:: Records to use ::

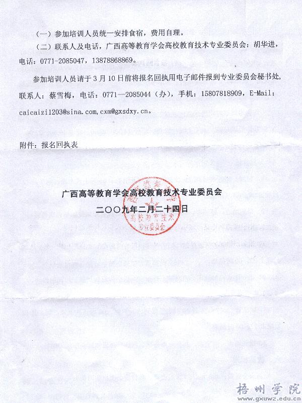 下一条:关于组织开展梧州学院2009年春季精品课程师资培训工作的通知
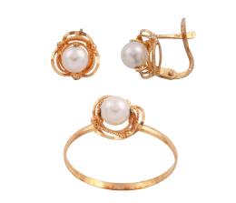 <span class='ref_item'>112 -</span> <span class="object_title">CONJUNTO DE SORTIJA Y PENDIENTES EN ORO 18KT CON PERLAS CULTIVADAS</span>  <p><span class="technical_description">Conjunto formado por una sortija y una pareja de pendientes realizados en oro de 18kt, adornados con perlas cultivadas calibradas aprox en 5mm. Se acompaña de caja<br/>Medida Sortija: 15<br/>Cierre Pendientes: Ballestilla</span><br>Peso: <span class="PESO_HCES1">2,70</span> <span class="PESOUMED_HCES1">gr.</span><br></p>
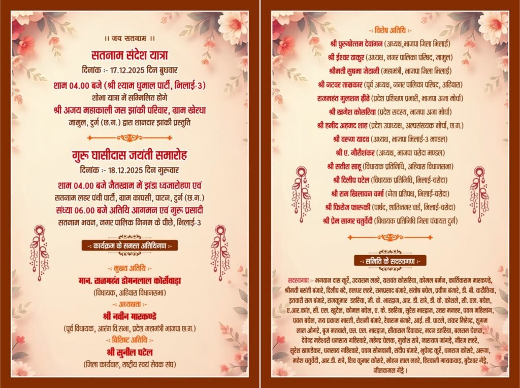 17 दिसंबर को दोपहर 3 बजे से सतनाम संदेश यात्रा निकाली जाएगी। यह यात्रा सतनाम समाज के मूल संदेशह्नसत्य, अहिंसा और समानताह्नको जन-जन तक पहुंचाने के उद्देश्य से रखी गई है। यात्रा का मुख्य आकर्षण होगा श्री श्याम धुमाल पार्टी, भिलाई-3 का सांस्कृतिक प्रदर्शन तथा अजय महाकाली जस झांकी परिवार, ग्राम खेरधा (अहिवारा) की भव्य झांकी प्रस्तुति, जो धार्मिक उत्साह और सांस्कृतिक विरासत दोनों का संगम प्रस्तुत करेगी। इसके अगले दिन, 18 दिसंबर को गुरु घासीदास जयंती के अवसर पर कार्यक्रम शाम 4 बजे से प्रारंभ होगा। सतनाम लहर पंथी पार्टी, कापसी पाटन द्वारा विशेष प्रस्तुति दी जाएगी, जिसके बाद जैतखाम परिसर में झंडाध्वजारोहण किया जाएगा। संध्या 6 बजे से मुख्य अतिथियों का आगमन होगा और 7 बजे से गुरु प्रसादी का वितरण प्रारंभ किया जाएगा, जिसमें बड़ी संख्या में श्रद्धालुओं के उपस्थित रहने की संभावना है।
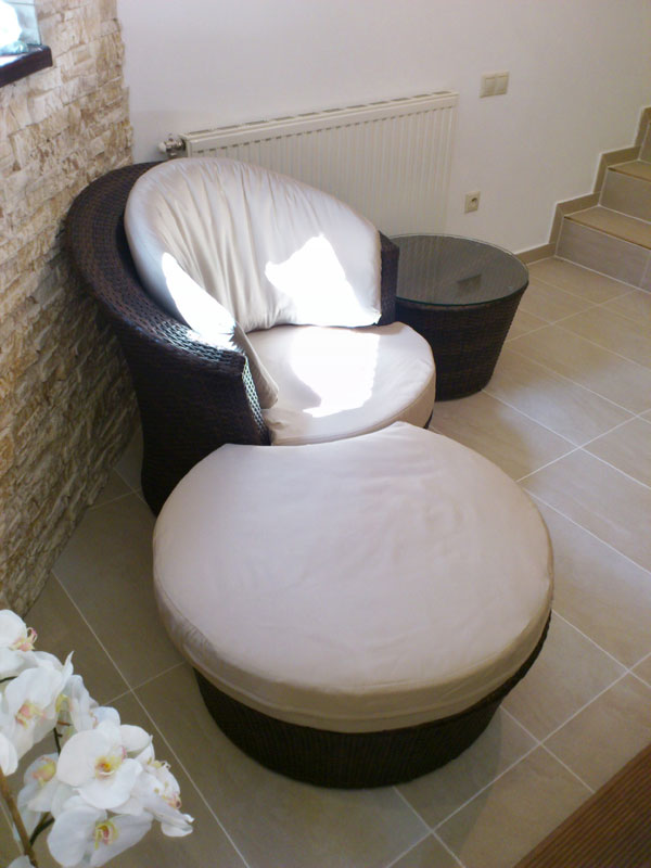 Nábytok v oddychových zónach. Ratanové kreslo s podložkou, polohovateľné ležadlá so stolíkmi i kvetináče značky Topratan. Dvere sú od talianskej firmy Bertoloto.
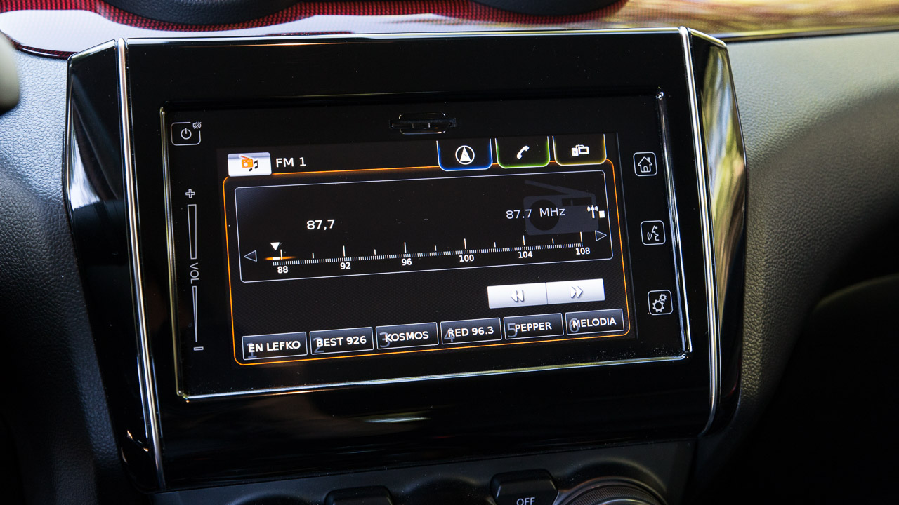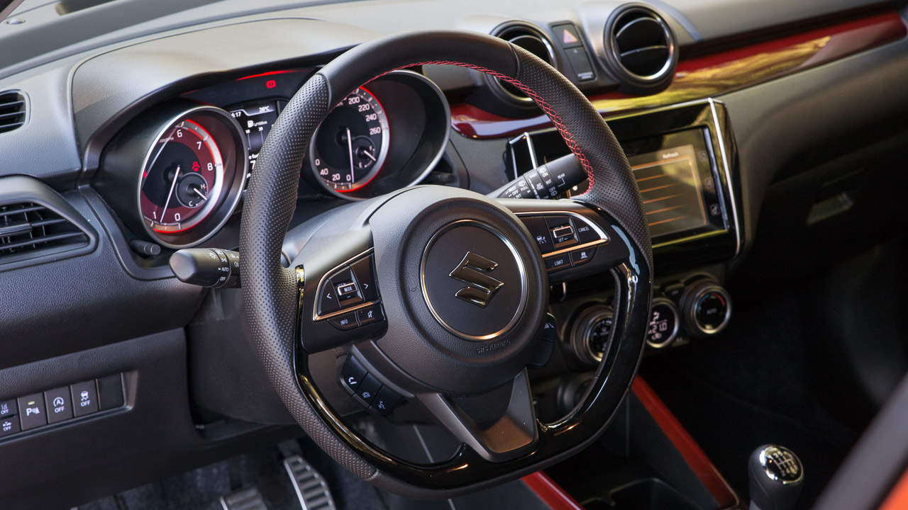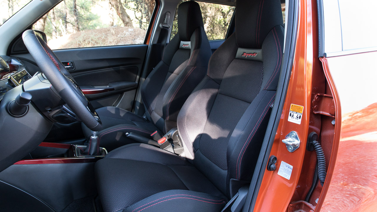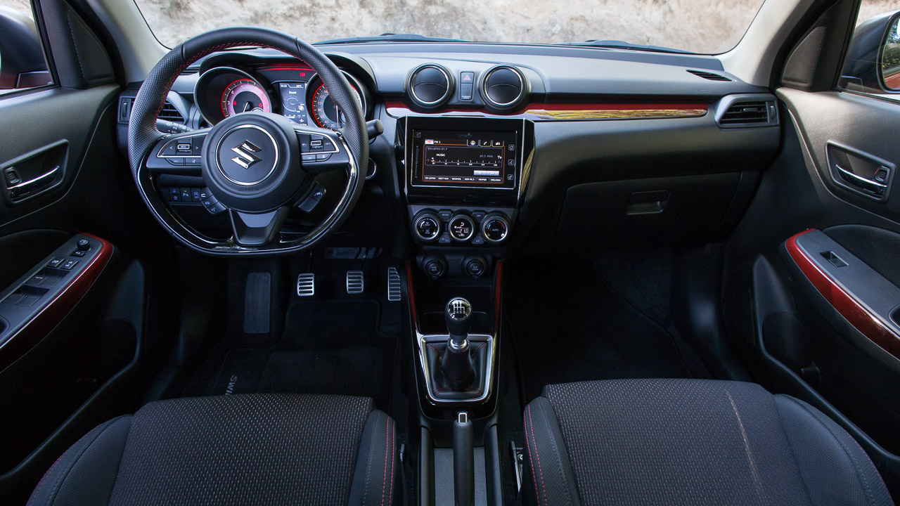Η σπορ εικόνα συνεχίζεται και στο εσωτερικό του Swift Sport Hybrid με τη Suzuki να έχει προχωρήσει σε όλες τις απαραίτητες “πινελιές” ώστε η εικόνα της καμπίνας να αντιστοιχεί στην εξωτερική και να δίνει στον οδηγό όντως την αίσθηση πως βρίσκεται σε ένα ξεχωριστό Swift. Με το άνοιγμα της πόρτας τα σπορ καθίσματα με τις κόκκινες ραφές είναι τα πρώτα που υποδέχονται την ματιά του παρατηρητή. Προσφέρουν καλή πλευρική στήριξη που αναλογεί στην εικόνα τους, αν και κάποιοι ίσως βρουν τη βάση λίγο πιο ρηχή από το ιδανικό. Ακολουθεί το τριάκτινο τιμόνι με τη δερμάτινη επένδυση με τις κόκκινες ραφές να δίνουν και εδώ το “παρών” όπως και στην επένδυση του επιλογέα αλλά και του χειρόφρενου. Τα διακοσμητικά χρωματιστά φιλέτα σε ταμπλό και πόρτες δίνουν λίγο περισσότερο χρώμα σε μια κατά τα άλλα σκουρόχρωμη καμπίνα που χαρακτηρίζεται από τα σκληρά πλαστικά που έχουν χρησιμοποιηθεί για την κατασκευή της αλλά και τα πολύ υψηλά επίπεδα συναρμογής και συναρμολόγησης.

:::
:: Records to use ::

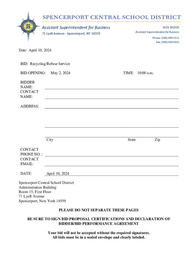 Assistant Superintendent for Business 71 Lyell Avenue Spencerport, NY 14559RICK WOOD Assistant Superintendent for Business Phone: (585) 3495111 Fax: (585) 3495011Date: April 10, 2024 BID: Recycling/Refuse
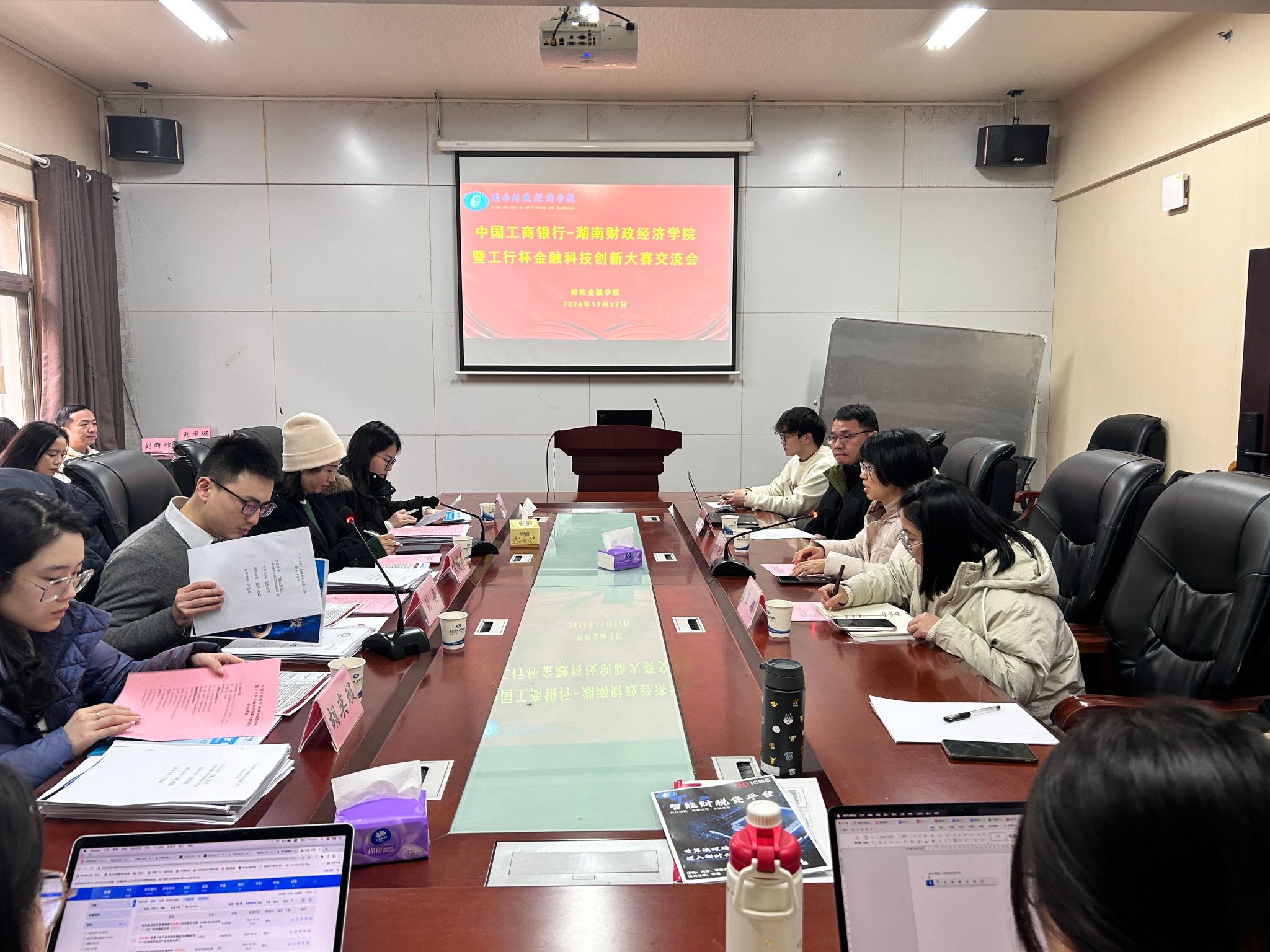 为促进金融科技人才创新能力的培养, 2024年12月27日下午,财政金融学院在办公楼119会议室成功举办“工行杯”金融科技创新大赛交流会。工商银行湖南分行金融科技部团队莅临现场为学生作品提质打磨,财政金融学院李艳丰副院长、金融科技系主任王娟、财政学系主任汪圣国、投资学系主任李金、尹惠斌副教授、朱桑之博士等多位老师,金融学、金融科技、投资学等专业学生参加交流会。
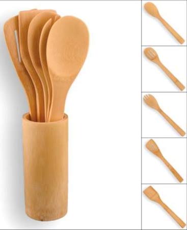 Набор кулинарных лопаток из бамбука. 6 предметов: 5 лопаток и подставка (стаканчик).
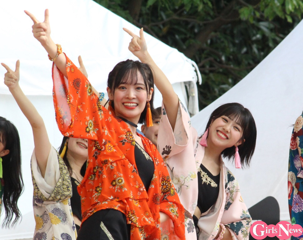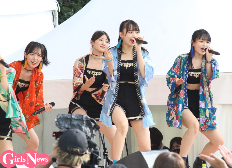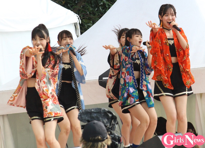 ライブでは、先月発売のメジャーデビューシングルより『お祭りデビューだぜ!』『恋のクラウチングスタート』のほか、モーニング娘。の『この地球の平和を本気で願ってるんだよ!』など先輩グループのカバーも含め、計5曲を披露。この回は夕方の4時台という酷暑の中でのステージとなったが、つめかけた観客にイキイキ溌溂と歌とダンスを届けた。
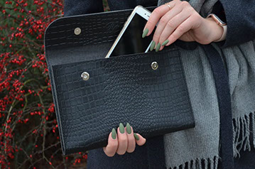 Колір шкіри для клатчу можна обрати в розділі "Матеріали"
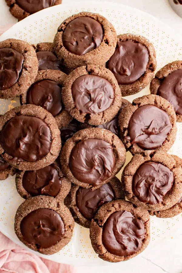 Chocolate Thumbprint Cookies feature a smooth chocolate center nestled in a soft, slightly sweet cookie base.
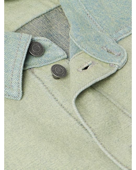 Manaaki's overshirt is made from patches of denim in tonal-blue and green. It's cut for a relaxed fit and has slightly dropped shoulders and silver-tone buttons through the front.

:::

**Problem to solve**
Beginning with the line above that has "为促进金融科技人才创新能力的" and going on through the line that has "Manaaki's overshirt is", retype every line exactly and add nothing else; drop the pictures.

**Response to this task**
 为促进金融科技人才创新能力的培养, 2024年12月27日下午,财政金融学院在办公楼119会议室成功举办“工行杯”金融科技创新大赛交流会。工商银行湖南分行金融科技部团队莅临现场为学生作品提质打磨,财政金融学院李艳丰副院长、金融科技系主任王娟、财政学系主任汪圣国、投资学系主任李金、尹惠斌副教授、朱桑之博士等多位老师,金融学、金融科技、投资学等专业学生参加交流会。
 Набор кулинарных лопаток из бамбука. 6 предметов: 5 лопаток и подставка (стаканчик).
 ライブでは、先月発売のメジャーデビューシングルより『お祭りデビューだぜ!』『恋のクラウチングスタート』のほか、モーニング娘。の『この地球の平和を本気で願ってるんだよ!』など先輩グループのカバーも含め、計5曲を披露。この回は夕方の4時台という酷暑の中でのステージとなったが、つめかけた観客にイキイキ溌溂と歌とダンスを届けた。
 Колір шкіри для клатчу можна обрати в розділі "Матеріали"
 Chocolate Thumbprint Cookies feature a smooth chocolate center nestled in a soft, slightly sweet cookie base.
 Manaaki's overshirt is made from patches of denim in tonal-blue and green. It's cut for a relaxed fit and has slightly dropped shoulders and silver-tone buttons through the front.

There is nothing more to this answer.